Ein deutschstämmiger Adliger mit Namen Graf Jakob Portales eröffnete im Niemandsland von Nevada das sogenannte Broadmoor-Casino. Ein 80 Meter langer Prachtbau an einem sechs Hektar großen, künstlichen See gelegen. 15000 Menschen bevölkerten an manchen Tagen das Gelände. Mit der Wirtschaftskrise 1893 kam allerdings das Aus und das Kasino versank in Schutt und Asche.
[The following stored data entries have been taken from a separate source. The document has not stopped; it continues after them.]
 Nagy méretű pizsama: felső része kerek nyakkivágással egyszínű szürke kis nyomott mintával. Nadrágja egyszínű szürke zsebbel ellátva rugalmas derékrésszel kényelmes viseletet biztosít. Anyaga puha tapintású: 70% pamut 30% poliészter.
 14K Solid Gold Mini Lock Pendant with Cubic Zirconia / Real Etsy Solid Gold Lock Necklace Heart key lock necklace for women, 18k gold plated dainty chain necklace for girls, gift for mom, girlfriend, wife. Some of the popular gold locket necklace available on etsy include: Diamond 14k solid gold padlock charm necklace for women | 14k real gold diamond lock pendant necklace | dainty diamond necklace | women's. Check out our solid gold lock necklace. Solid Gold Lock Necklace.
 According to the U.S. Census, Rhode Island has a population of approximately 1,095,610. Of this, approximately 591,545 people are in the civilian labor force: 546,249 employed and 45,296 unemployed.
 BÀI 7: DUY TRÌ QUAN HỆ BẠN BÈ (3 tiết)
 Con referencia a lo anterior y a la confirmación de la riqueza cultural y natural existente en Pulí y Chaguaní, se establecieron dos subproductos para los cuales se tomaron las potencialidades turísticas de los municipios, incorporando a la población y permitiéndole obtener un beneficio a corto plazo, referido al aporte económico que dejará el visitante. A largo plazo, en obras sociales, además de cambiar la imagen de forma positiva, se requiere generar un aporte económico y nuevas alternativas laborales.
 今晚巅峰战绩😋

Um schließlich das ganze Ausmaß der Spielleidenschaft zu beschreiben, sei erwähnt, dass es in manchen Städten zwar drei oder vier Kirchen gab, aber mindestens hundert Spielhallen.

In Colorado gab ein Bankdirektor einen ihm völlig Unbekannten einen Kredit von 5000 Dollar. Wenn man bedenkt, dass zu dieser Zeit der Tagesverdienst eines Minenarbeiters bei gerade mal 3 Dollar lag, war das eine unvorstellbare Summe. Als Sicherheit hatte der Unbekannte lediglich vier Könige und ein Ass aus einer Pokerpartie zu bieten.
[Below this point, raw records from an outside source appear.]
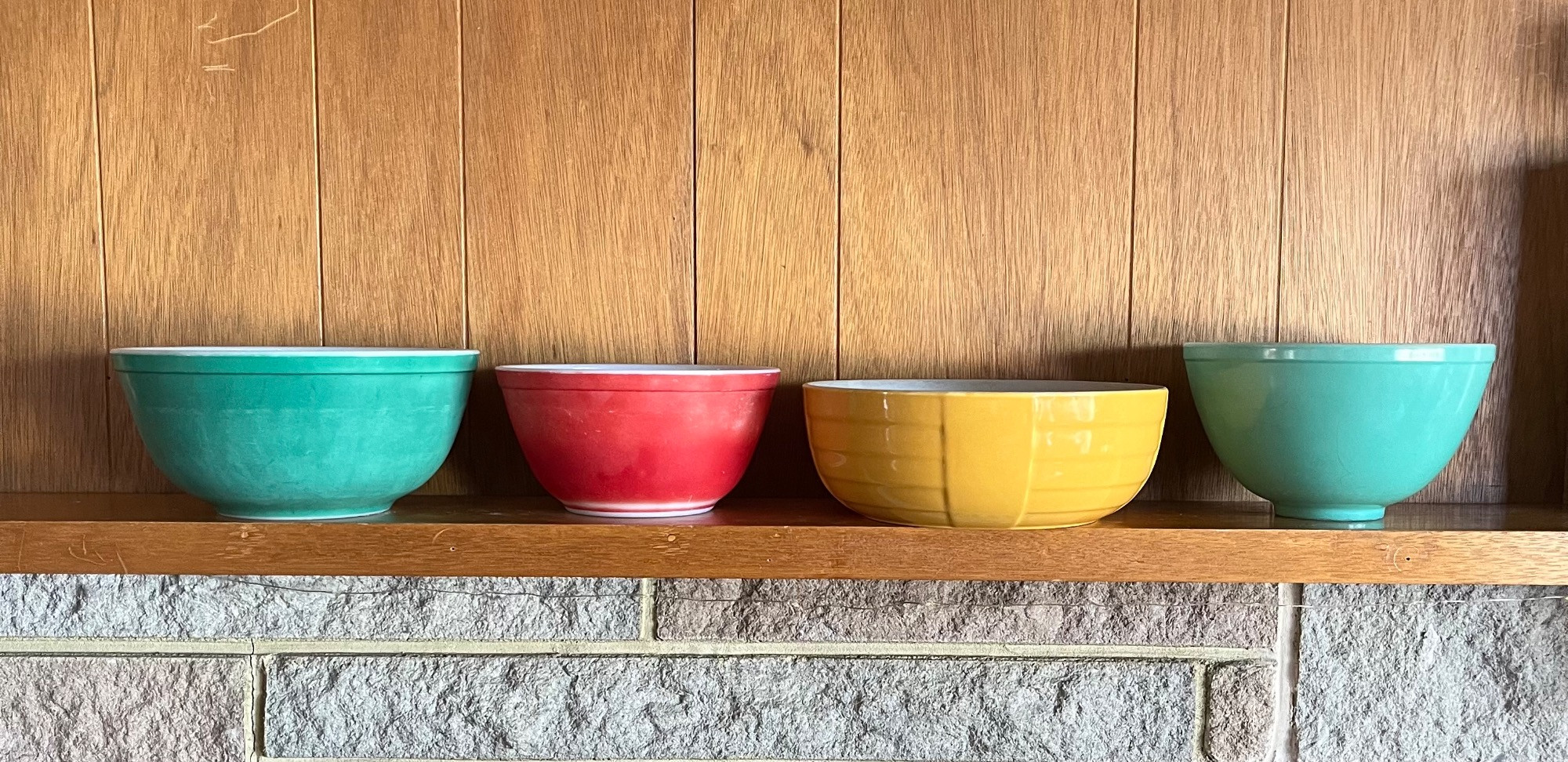 Bowls - Some Pyrex Yellow ceramic bowl (The Hall China Co for Hotpoint Tefrigerators) - Dia: 9” x 3 1/4” Green bowl - 7 3/8” x 4 3/8”
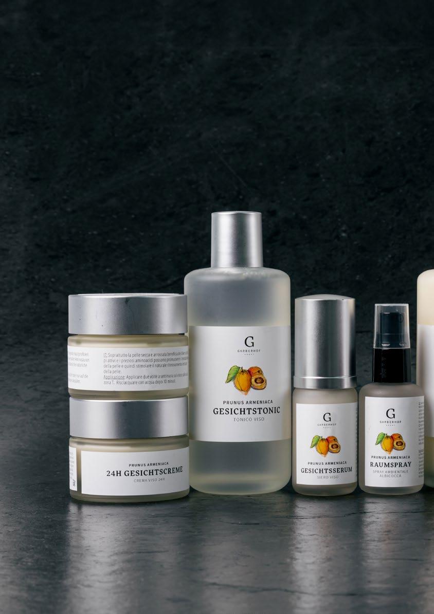 Nel 2021 e 2022, in collaborazione con la ditta di cosmetici naturali Alpienne, abbiamo dato vita a una nostra linea di prodotti cosmetici. L’elemento principale è l’albicocca, ricca di vitamina E, levigante e ideale per la pelle stressata… un vero toccasana!
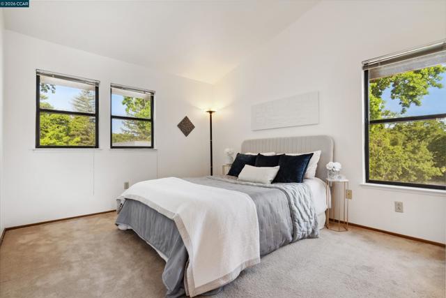 Location, Location, Location! This unit boasts one of the best locations in the entire community. Backing up to the creek & trail, the unit is surrounded by birdsong, trees & sky offering serenity & privacy that is unmatched. This charming upper-level condo is nestled in the popular Villas Community in Walnut Creek offering a bright & open floor plan & comes w/ new laminate flooring, freshly painted interior, updated bathroom, wood burning, fireplace, in unit washer & dryer & a private shady patio. As you enter the home you will be delighted w/ the vaulted ceilings & how the entire space is filled w/ abundant natural light. The kitchen offers new lighting, a versatile breakfast bar w/ generous counter space & cabinets & includes built-in microwave, refrigerator, oven, stove & dishwasher making cooking & entertaining a delight. Open kitchen overlooks the bright & cheery dining room w/ modern chandelier & into the spacious living room w/ vaulted ceilings & tiled fireplace giving the room a warm & inviting feeling. Sliding glass doors lead out to the private patio radiating a tree house style setting of nature & birdsong. Bedroom is airy & bright w/ windows on 2 sides of this rare corner unit offering multiple views & plenty of space. The full bathroom includes new vanity & lights.
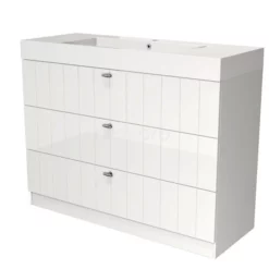 Dankzij het stijlvolle design is dit badkamermeubel de eyecatcher van uw badkamer. De onderkast is voorzien van een lamelfront en heeft een hoogglans witte afwerking. Deze kleur heeft een moderne uitstraling en geeft het meubel een frisse look-and-feel. Daarnaast zorgt het lamelfront voor een landelijke touch. GEEN TEKST GEVONDEN.
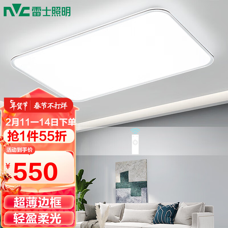 雷士(NVC)LED吸顶灯现代简约风格客厅书房卧室灯具大屏遥控调光灯饰新月A价格:999.00元!

Um die Jahrhundertwende gewannen die Gegner dieses angeblich so unseligen Lasters langsam die Oberhand und als letzter Staat verbot Nevada am 1. Oktober 1910 endgültig das Glücksspiel. Allerdings dauerte es keine drei Jahrzehnte und das ganze wurde wieder legalisiert.
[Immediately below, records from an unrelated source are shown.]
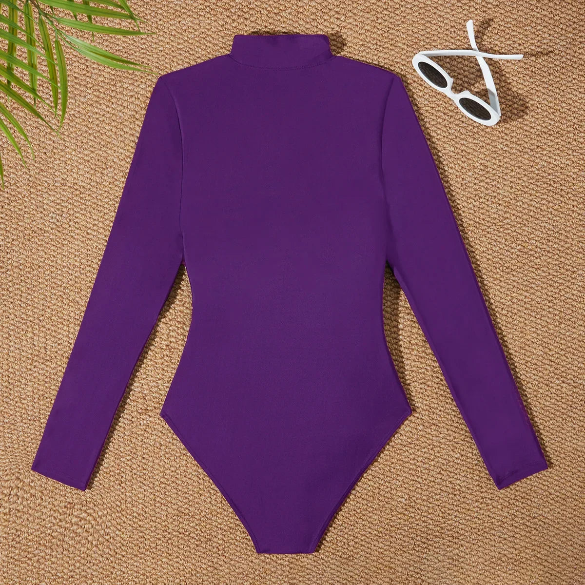 Stay stylish and protected in our High Neck Zipper One Piece Surf Swimsuit for women. With long sleeves and a convenient zipper, this suit is perfect for catching waves or lounging on the beach. Look cool and feel comfortable in this must-have swimsuit!
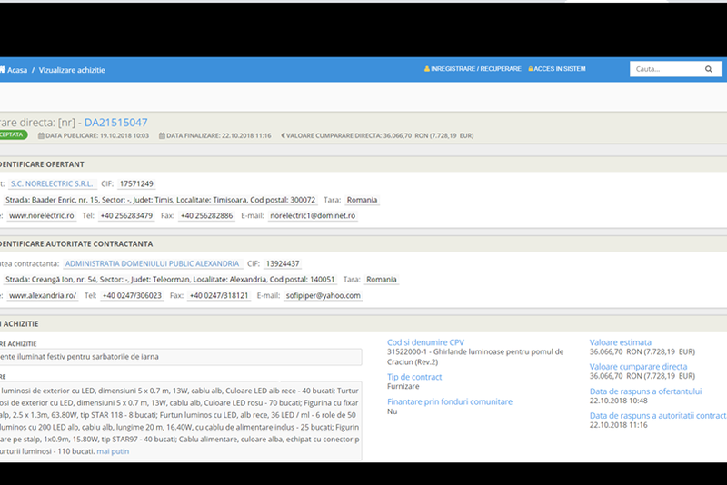 Alexandria cumpără ghirlande luminoase de peste 36.000 lei
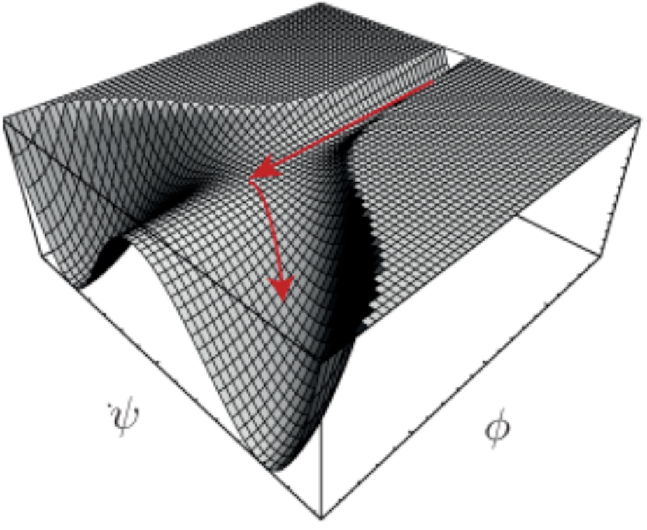 Lạm phát gây nên bởi trường inflaton (lạm phát). Các nhà vật lý đưa ra mô hình các lỗ đen nguyên thủy có khối lượng (bằng vài chục lần khối lượng mặt trời) có thể gây nên bởi lạm phát lai – hybrid inflation (tức lạm phát với trường inflaton có thế năng điều khiển bởi hai hàm Ψ và Ф) (xem hình 2).

Die Euphorie vergangener Zeiten war jedoch dahin und die Namen von Spielergrößen wie Belle Siddons, Dick Clark oder Pete Spence und Bones Brannon gehörten ebenso der Vergangenheit an wie jenes legendäre Flussdampferwettrennen auf dem Mississippi, das sogar in Europa Beachtung fand. Wer die Neuverfilmung von Maverick mit Mel Gibson kennt, kann sich jetzt in etwa vorstellen, dass diese Westernkomödie das Ganze keinesfalls überspitzt darstellt, sondern dass sich dies alles durchaus so zugetragen haben könnte.

Quellennachweis:

  • H.J. Stammel: Der Cowboy von A bis Z

In diesem Sinne, bis zum nächsten Mal.